November 2016 Book Reviews
November 2016 Book Reviews
Engaging Work Explores a War That’s ‘Endless’
How Everything Became War and the Military Became Everything: Tales from the Pentagon. Rosa Brooks. Simon & Schuster. 439 pages. $29.95
By Lt. Gen. Daniel P. Bolger
U.S. Army retired
There’s a great old cartoon depicting two disheveled, exhausted riflemen digging into rocky soil. The younger one looks particularly grumpy. “You’ll get over it, Joe,” says Willie. “Oncet I wuz gonna write a book exposin’ the army after th’ war myself.”
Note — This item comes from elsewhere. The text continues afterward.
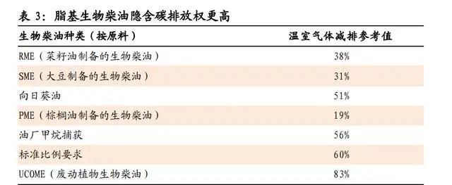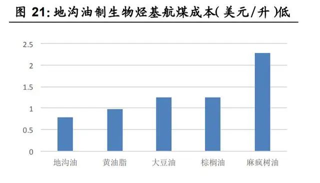 再生油:碳約束推動(dòng)需求高增,再生地溝油產(chǎn)業(yè)升級(jí)將至碳約束推動(dòng)需求高增,再生地溝油產(chǎn)業(yè)升級(jí)將至。1)碳約束刺激再生油需求,歐洲生物柴油量?jī)r(jià)將長(zhǎng)期處于高位。2)國(guó)際政策推動(dòng)國(guó)內(nèi)地溝油利用“高端化”:車(chē)用油方面,“烴基化”趨勢(shì)明顯;航油方面,國(guó)際航協(xié)2050碳中和目標(biāo)推動(dòng)生物質(zhì)烴基航煤需求釋放。地溝油制烴基柴油附加值將較UCOME顯著提升,再生地溝油向著高端產(chǎn)品升級(jí)的產(chǎn)業(yè)趨勢(shì)明顯。1. 碳約束刺激需求,歐洲生物柴油量?jī)r(jià)將長(zhǎng)期處于高位歐洲生物柴油需求旺盛,量?jī)r(jià)將長(zhǎng)期處于高位。1)歐盟是全球生物柴油最大的消費(fèi)市場(chǎng),目前歐盟生物柴油消費(fèi)量占全球總消費(fèi)量的 40%。2)發(fā)達(dá)國(guó)家強(qiáng)制按比例添加:伴隨《歐盟可再生能源指令》于2021年開(kāi)始實(shí)施,歐洲公路運(yùn)輸行業(yè)的生物柴油摻混比例將從 10%提升至25%,需 求將在未來(lái)10年保持增長(zhǎng)態(tài)勢(shì)。按照目前全球生物柴油產(chǎn)能計(jì)算,到2030年歐洲地區(qū)將至少出現(xiàn)1000萬(wàn)噸/年的供給缺口;如果考慮美國(guó)拜登政府改變碳減排政策帶來(lái)的需求增加以及歐洲地區(qū)淘汰ILUC高風(fēng)險(xiǎn)燃料的影響,總體供給缺口將達(dá)1500萬(wàn)噸/年。3)廢油脂基生物柴油(UCOME)隱含碳排放權(quán)更高,節(jié)碳效果最為突出,競(jìng)爭(zhēng)優(yōu)勢(shì)明顯,長(zhǎng)期處于供不應(yīng)求狀態(tài)。2. 國(guó)際政策推動(dòng)國(guó)內(nèi)地溝油利用“高端化”,產(chǎn)業(yè)升級(jí)將至目前我國(guó)地溝油資源化終端產(chǎn)物主要以脂肪酸甲酯為主,隨著國(guó)際政策驅(qū)動(dòng)以及地溝油脫氧加氫制先進(jìn)燃料生物烴基柴油/航煤技術(shù)進(jìn)入成熟階段,我國(guó)地溝油資源化終端產(chǎn)品將由脂肪酸甲酯產(chǎn)品向生物質(zhì)烴基柴 油/航煤升級(jí),產(chǎn)品附加值將逐步提升,產(chǎn)業(yè)升級(jí)良機(jī)將至。地溝油經(jīng)加工再利用而制備的生物質(zhì)燃料,包括生物柴油、可再生柴油以及生物質(zhì)航煤:1)生物柴油是廢油脂或動(dòng)植物油脂經(jīng)酯交換或酯化制成的脂肪酸甲酯(FAME),需要與常規(guī)化石柴油摻混使用, 目前我國(guó)地溝油資源化終端產(chǎn)物主要以脂肪酸甲酯為主(UCOME);2)可再生柴油是廢油脂或動(dòng)植物油脂通過(guò)加氫和異構(gòu)化得到的烴基柴油(HVO/HEFA),為國(guó)際認(rèn)可的先進(jìn)生物燃料,可完全替代化 石柴油或與化石柴油制成調(diào)和燃料;3)生物質(zhì)航煤是由廢油脂經(jīng)加氫處理得到 HEFA 后,經(jīng)異構(gòu)化生成。國(guó)際政策推動(dòng)國(guó)內(nèi)地溝油利用“高端化”:1)車(chē)用油“烴基化”趨勢(shì)明顯。未來(lái)伴隨歐洲對(duì)于添加比例、排放標(biāo)準(zhǔn)等約束趨嚴(yán),車(chē)用油面臨“烴基化”趨勢(shì),生物柴油將向著可再生柴油方向升級(jí)。2) 國(guó)際航協(xié) 2050碳中和目標(biāo)推動(dòng)生物質(zhì)烴基航煤需求釋放。國(guó)際航協(xié)設(shè)立2050年實(shí)現(xiàn)碳中和的強(qiáng)制性目標(biāo),生物質(zhì)航煤作為主要減 排手段需求量將攀升。①作為高排放行業(yè)之一,2019年航空業(yè)占全 球碳排放量的 2%。②國(guó)際航協(xié)(IATA)于 2021 年 10 月通過(guò)決議, 290 個(gè)成員航司在 2050 年實(shí)現(xiàn)碳中和,助力實(shí)現(xiàn)巴黎協(xié)定控制溫升 的目標(biāo)。計(jì)劃減排量相當(dāng)于 2050 年前累計(jì)減排 212 億噸二氧化碳 當(dāng)量。③現(xiàn)有技術(shù)中,生物質(zhì)航煤為主的環(huán)保航空燃料將為主要的 減排手段,環(huán)保燃料預(yù)計(jì)貢獻(xiàn) 65%碳減排量。IATA 初步目標(biāo)為, 2025 年環(huán)保航空燃料產(chǎn)量由 2019 年的 1.4 億升提升至 79 億升, IEA 測(cè)算全球生物質(zhì)航煤的產(chǎn)量在 2021 至 2026CAGR77%。以地溝油等廢油脂作為原材料的生物烴基航煤(HFEA)目前已技術(shù)成熟、成本相對(duì)較低、得油率較高。1)HFEA 作為目前唯一進(jìn)入 商業(yè)化應(yīng)用階段的生物質(zhì)航煤技術(shù),生產(chǎn)成本為 0.88 歐元/升,為各 技術(shù)中最低,且得油率為 0.9,遠(yuǎn)高于其他技術(shù)得油率(Pavlenko et al., 2019)。2)據(jù)IRENA,地溝油生產(chǎn)生物質(zhì)烴基航煤的成本低于 大豆油、棕櫚油,根據(jù)現(xiàn)有資料測(cè)算,地溝油航煤成本僅相當(dāng)與棕 櫚油航煤的 62%,具有較強(qiáng)的成本優(yōu)勢(shì)。再生地溝油產(chǎn)品附加值將逐步提升,產(chǎn)業(yè)升級(jí)良機(jī)將至。受到成本和隱含碳稅影響,目前海外的生物質(zhì)航煤價(jià)格遠(yuǎn)高于化石航煤,生 物質(zhì)航煤的需求基本都是受到政策驅(qū)動(dòng)。據(jù) Argus media 統(tǒng)計(jì),2020 年生物質(zhì)航煤價(jià)格為化石航煤的 3-6 倍。地溝油制生物質(zhì)航煤產(chǎn)品 附加值將較 UCOME 顯著提升,再生地溝油向著高端產(chǎn)品升級(jí)的產(chǎn) 業(yè)趨勢(shì)明顯。再生塑料:政策推動(dòng)需求釋放,PET 瓶對(duì)瓶高端回收應(yīng)用替換速度超預(yù)期 回收再生利用為廢塑料的最佳處置方式。再生塑料節(jié)能減碳,

Willie and Joe’s creator, Sgt. Bill Mauldin of the 45th Infantry Division, did write that book, the wonderful Up Front. Willie and Joe didn’t exactly exhibit spit and polish but like Mauldin, they sure understood the dirty, deadly war they fought.
Rosa Brooks has followed in the worn boot prints of Mauldin and written an interesting book “exposin’” the Army—the present American military endeavor writ large—even though our current war is not over. Her account has a long title: How Everything Became War and the Military Became Everything: Tales from the Pentagon. But after all, it’s been a long war, with more to come.
Like Mauldin, Brooks knows the deal. She is the daughter of peace activists; a graduate of Harvard, Oxford and Yale; an accomplished attorney and human rights advocate; a Department of State consultant and decorated DoD official; and a faculty member at Georgetown University in Washington, D.C. She’s also been on the business end of an Iraqi insurgent’s weapon, and she’s the wife of a Special Forces officer. She has been right in the middle of this long, desultory, maddening conflict catalyzed by the horrific terrorist attacks of Sept. 11, 2001.
When I started reading Brooks’ book, I wanted to write her off as another well-credentialed Pentagon “suit”—even worse, a lawyer—long on theory and short on practice. Not another one, I thought.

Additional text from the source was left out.